■ What is needed
Every line of the data below should be retyped exactly, with no images carried over.

■ Recorded information
======
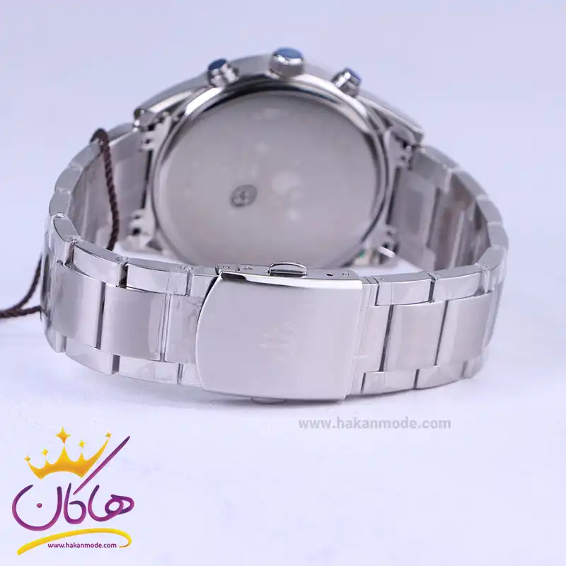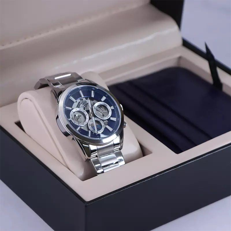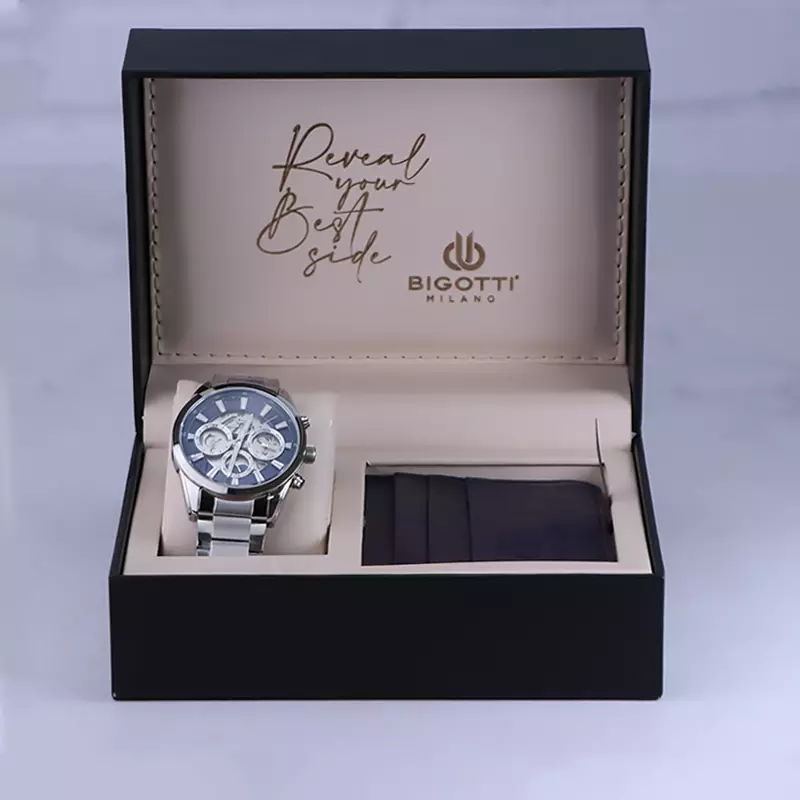 ساعت عقربه ای بیگوتی مردانه فلزی نقره ای صفحه سورمه ای BG.1.10561/3 ظاهری مدرن و جذاب دارد. این ساعت استیل نقره ای، رنگ ثابت و ضدحساسیت است. اگر به داخل ساعت نگاه کنید، حاشیه ی صفحهی این ساعت به رنگ سورمه ای است و سه صفحه دایرهای کوچک میبینید که هر کدام از آنها نشان دهندهی پارامتری خاص هستند. یک صفحه که در سمت چپ قرار دارد ساعت را به صورت 24 ساعته نشان میدهد. اگر از افرادی هستید که امور خود را بر اساس تایم 24 ساعته تنظیم میکنید این صفحه کوچک به کار شما میآید. یک صفحه که وسط قرار دارد نشاندهندهی روزهای ماه است. صفحهی سمت راست نیز روزهای هفته را نشان میدهد. بند ساعت فلزی با بافتهای ریز و درشت و از نوع مرغوب است که باعث تعرق و خارش نمیشود. اندکسهای این ساعت به صورت خطی نقره ای و عقربههای آن شبنما طراحی شدهاند. لوگوی برند بیگوتی را زیر عدد 12 میبینید. قفل این ساعت از نوع دوتکه دکمهدار است و ساعت به راحتی از دست نمیافتد. در کنار صفحه یک پیچ کوک و دو دکمه برای تنظیم زمان وجود دارد. این پک همراه با خود یک جاکارتی زیبا دارد.
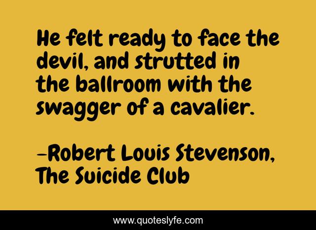 This page presents the quote "He felt ready to face the devil, and strutted in the ballroom with the swagger of a cavalier.". Author of this quote is Robert Louis Stevenson, The Suicide Club. This quote is about fearless, brave, bravery,.
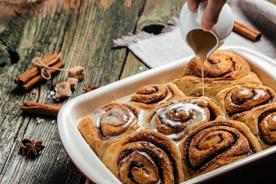 ثم نزين السينابون بصوص الجبن عقب خروجه من الفرن.
======
■ The answer
 ساعت عقربه ای بیگوتی مردانه فلزی نقره ای صفحه سورمه ای BG.1.10561/3 ظاهری مدرن و جذاب دارد. این ساعت استیل نقره ای، رنگ ثابت و ضدحساسیت است. اگر به داخل ساعت نگاه کنید، حاشیه ی صفحهی این ساعت به رنگ سورمه ای است و سه صفحه دایرهای کوچک میبینید که هر کدام از آنها نشان دهندهی پارامتری خاص هستند. یک صفحه که در سمت چپ قرار دارد ساعت را به صورت 24 ساعته نشان میدهد. اگر از افرادی هستید که امور خود را بر اساس تایم 24 ساعته تنظیم میکنید این صفحه کوچک به کار شما میآید. یک صفحه که وسط قرار دارد نشاندهندهی روزهای ماه است. صفحهی سمت راست نیز روزهای هفته را نشان میدهد. بند ساعت فلزی با بافتهای ریز و درشت و از نوع مرغوب است که باعث تعرق و خارش نمیشود. اندکسهای این ساعت به صورت خطی نقره ای و عقربههای آن شبنما طراحی شدهاند. لوگوی برند بیگوتی را زیر عدد 12 میبینید. قفل این ساعت از نوع دوتکه دکمهدار است و ساعت به راحتی از دست نمیافتد. در کنار صفحه یک پیچ کوک و دو دکمه برای تنظیم زمان وجود دارد. این پک همراه با خود یک جاکارتی زیبا دارد.
 This page presents the quote "He felt ready to face the devil, and strutted in the ballroom with the swagger of a cavalier.". Author of this quote is Robert Louis Stevenson, The Suicide Club. This quote is about fearless, brave, bravery,.
 ثم نزين السينابون بصوص الجبن عقب خروجه من الفرن.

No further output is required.